Всю жизнь на житейском плане были трудны мне три вещи: менять квартиру, шить новые одежды и идти к доктору. В этих трех пунктах я мистически и болезненно чувствовала ненужность для меня гнезда на этом свете, тленность того, кого собираюсь наряжать в новое платье, и смехотворную тщетность лечения (у докторов). Эти трудности, все три, предстали передо мной сейчас. От двух последних я отделалась тем, что решила ходить в отрепьях (моему демисезонному пальто 31 год), к докторам – глазному, ушному и т. д. – просто не пошла. Но избегнуть первой трудности уже было не в моей власти – квартиру меняет Алла, а мы с Леониллой включены в эту перемену механически. Испытала постыдное огорчение три часа тому назад, увидав ожидающую меня и Леониллу проходную, предельно неуютную комнату, и решила поехать за исцелением от “ранения” на Остоженку к Анне. В годы молодости мы нередко искали и всегда находили взаимную поддержку, когда жизнь толкнет так, что упадешь, ушибешься до крови, и тогда и не хватило бы сил и подняться, если бы не поспешно протянутая рука друга. В более поздние годы эти навыки отошли по разным причинам в прошлое. А сегодня я пришла к Анне с таким чувством, как 35 лет тому назад. И встретила такой же, как в те времена, живой отклик.

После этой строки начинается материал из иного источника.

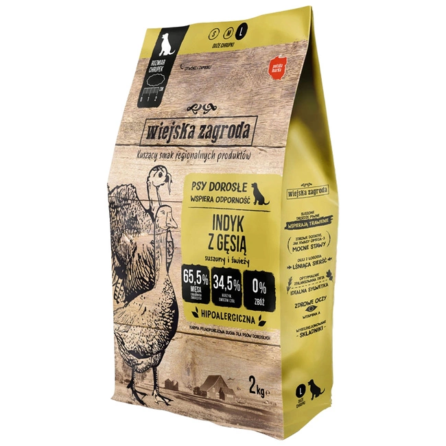 WIEJSKA ZAGRODA Karma sucha dla psa Indyk Gęś Chrupki L 2 kg

И есть в Анне светлая отстоенность чувств и крепость и высота исходной точки, дающая право говорить очень известные, очень банальные “утешения” так, что они звучат действенно.

19 июня. Полдень. Глинищевский переулок

Безобразный, цвета подсохшей крови, кирпичный дом казематного вида впирается всем своим фасадом с какой-то аспидно-черной надстройкой на крыше в окна нашей квартиры.

Но странное дело: третьего дня он меня так ошеломил, так оскорбительно нагло вторгся в круг сознания, что я – в связи с общим разгромом в квартире, с ее придавленными неуклюжими окнами – заболела от него мозговой тошнотой, классическим депрессивным “унынием” и сбежала на сутки под благостный кров Анны. Сегодня же и на этот дом, и на грубые казематы окон, и на перспективу жить в проходной комнате смотрю спокойно, вернее – не вижу их. Как скоро душа, спасаясь от впечатлений, ее отравляющих, задергивает над ними завесу невидения (с шумами это сделать труднее).

На этот раз в быстрой перестановке угла зрения и задергивания завесы невидения очень помог день, проведенный с Анной, ее собранность, ее ригоризм и отстоянность внутреннего бассейна.

“Все – надо! Все – надо!” – недоуменно и укоризненно качая головой, говорила в давние дни старая соседка матери, созерцая мои сборы в Москву, покупки, укладывания, “лепешки-попутнички”, которые всегда пекла мать нам в дорогу.

Сейчас, при перевозке на квартиру и одновременно на дачу, вспомнилось это чуть насмешливое, но кроткое старушечье лицо, обвязанная дырявым платчишкой голова Дарьи Петровны Курманцевой, которой давно уже ничего не надо, после того, как горькая жизнь у злющей невестки привела ее к мирному холмику на Терновом кладбище Воронежа.